Die freundlich-verblüffende Arbeit sorgte für andächtiges Staunen.
Die einzige interaktive Arbeit der Ausstellung (!), glücklicherweise mit
gelungener und sinnvoll eingesetzter Publikumsbeteiligung, war David Rokebys
«Taken». Auf zwei grossen Projektionen war das Ausstellungspublikum zu
sehen. Einzelne Besucher wurden mittels Bilderkennungs-Algorithmus ausgewählt
und ihre Bewegung verfolgt. Schliesslich wurden sie isoliert eingezoomt
und mit einem Adjektiv versehen (zufällig, aber eben doch immer passend).
Die Installation vermag der doch etwas abgegriffenen Thematik der Überwachung
etwas Neues abzugewinnen. Die Besucher konnten die Brisanz der Frage,
ob eine Maschine etwas Menschliches erkennen und auswerten kann, am eigenen
Körper erfahren – ein beklemmendes Erlebnis. Nicht nur durch die Installation,
sondern auch in einem Künstlergespräch erwies sich Rokeby als ausgeprochen
präziser Denker.

David Rokeby, «Taken» 2002. Gesichter von Besuchern
werden gesammelt, ab und zu wird auf eines gezoomt und ein Adjektiv eingeblendet.

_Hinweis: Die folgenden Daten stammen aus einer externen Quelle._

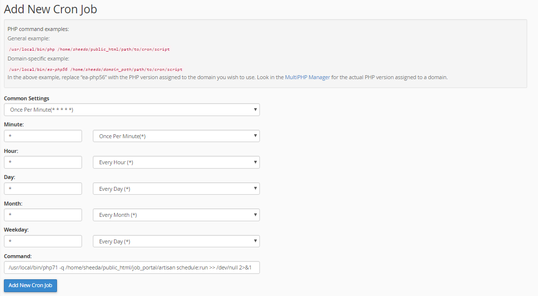 /usr/local/bin/php -q /home/Home-Directory/public_html/artisan schedule:run >> /dev/null 2>&1

Etwas versteckt in der Eingangshalle war ein Highlight unter den Videobeiträgen,
die Arbeit «A day to remember» des Chinesen Liu Wei zu sehen. Wei hat
am 4. Juni 2005, dem Jahrestag des Massakers am Tian’anmen Platz, Passanten
gefragt, welcher Tag gerade sei. Wenn diese das Datum nannten, stellte
er die gleiche Frage nochmals. Einige wussten, worauf er anspielte und
antworteten, sie wollten nichts sagen. Viele sagten, sie wüssten es nicht
oder liefen einfach davon. Nur zwei kamen auf das Massaker überhaupt zu
sprechen. Die Arbeit macht mit einfachsten Mitteln nachvollziehbar, wie
ein totalitäres System die Kommunikation einschränkt – und zwar bis ins
direkte face-to-face-Gespräch. Den pointiertesten Beitrag zum Festivalmotto
«Unfinish» bot schliesslich das knapp einminütige Video «Choose» von Ciprian
Muresan. Ein kleiner Junge macht darin mit einer Dose Pepsi und einer
Dose Coke nicht etwa den «Pepsi-Test», sondern neutralisiert die millionenschweren
Markenkonstrukte mit einer simplen Handlung: er schüttet aus beiden Dosen
ins gleiche Glas und trinkt die Mischung genüsslich. Das vermeintlich
Unvermeidliche nicht tun: Manchmal kann Kunst so einfach sein.